Exercise data section start
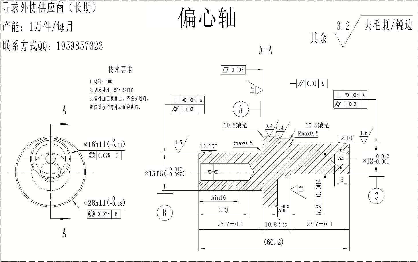這個零件還是沒看明白,兩頭軸公差和圓柱度要求很高,肩胛面要求也很高,粗糙度才要求1.6,可以車? 中間的形位公差和尺寸公差要求很一般,可是卻是0.4粗糙度,不磨不行。有調質要求,粗加工后調質精加工?什么車床能滿足圓柱度和偏心公差要求?還有需要什么樣的刀具? |
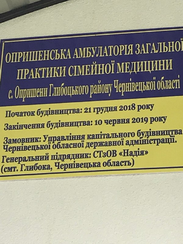 В Опришенах Глибоцького району відкрили нову сучасну амбулаторію. Заклад первинної медицини, площею майже 500 квадратних метрів, звели з нуля трохи більше ніж за пів року.
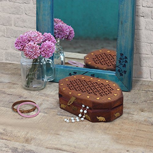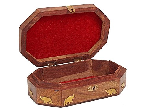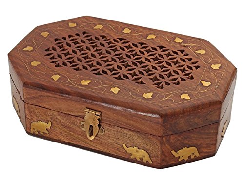 Valentine Day Special Present, Wooden Octal Vintage Box, With Jali & Inlay Design, Multipurpose Keepsake Storage Box, Earring Box, Jewelry Organizer Box, Vintage Box, Brown Color Size 8 X 5 Inch
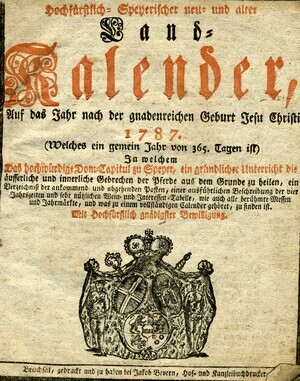 Hochfürstlicher Speyerischer Hof-, Stadt-, Land- und Geschichtskalender für das Jahr 1787
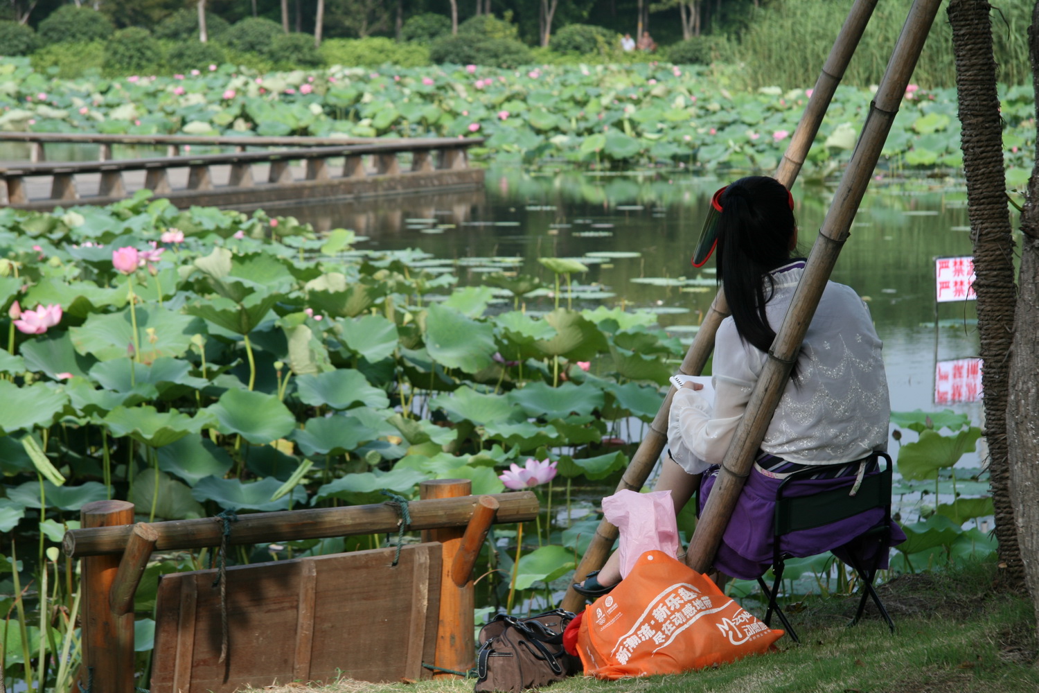 这张图象的焦点太近了,以至于图像的景深太近了,应当把焦点对着女孩前面的荷花的稍远一点的地方,这样景深的效果就出来了。
Exercise data section end
Retype the data above exactly, dropping every picture.

Written answer:
這個零件還是沒看明白,兩頭軸公差和圓柱度要求很高,肩胛面要求也很高,粗糙度才要求1.6,可以車? 中間的形位公差和尺寸公差要求很一般,可是卻是0.4粗糙度,不磨不行。有調質要求,粗加工后調質精加工?什么車床能滿足圓柱度和偏心公差要求?還有需要什么樣的刀具? |
 В Опришенах Глибоцького району відкрили нову сучасну амбулаторію. Заклад первинної медицини, площею майже 500 квадратних метрів, звели з нуля трохи більше ніж за пів року.
 Valentine Day Special Present, Wooden Octal Vintage Box, With Jali & Inlay Design, Multipurpose Keepsake Storage Box, Earring Box, Jewelry Organizer Box, Vintage Box, Brown Color Size 8 X 5 Inch
 Hochfürstlicher Speyerischer Hof-, Stadt-, Land- und Geschichtskalender für das Jahr 1787
 这张图象的焦点太近了,以至于图像的景深太近了,应当把焦点对着女孩前面的荷花的稍远一点的地方,这样景深的效果就出来了。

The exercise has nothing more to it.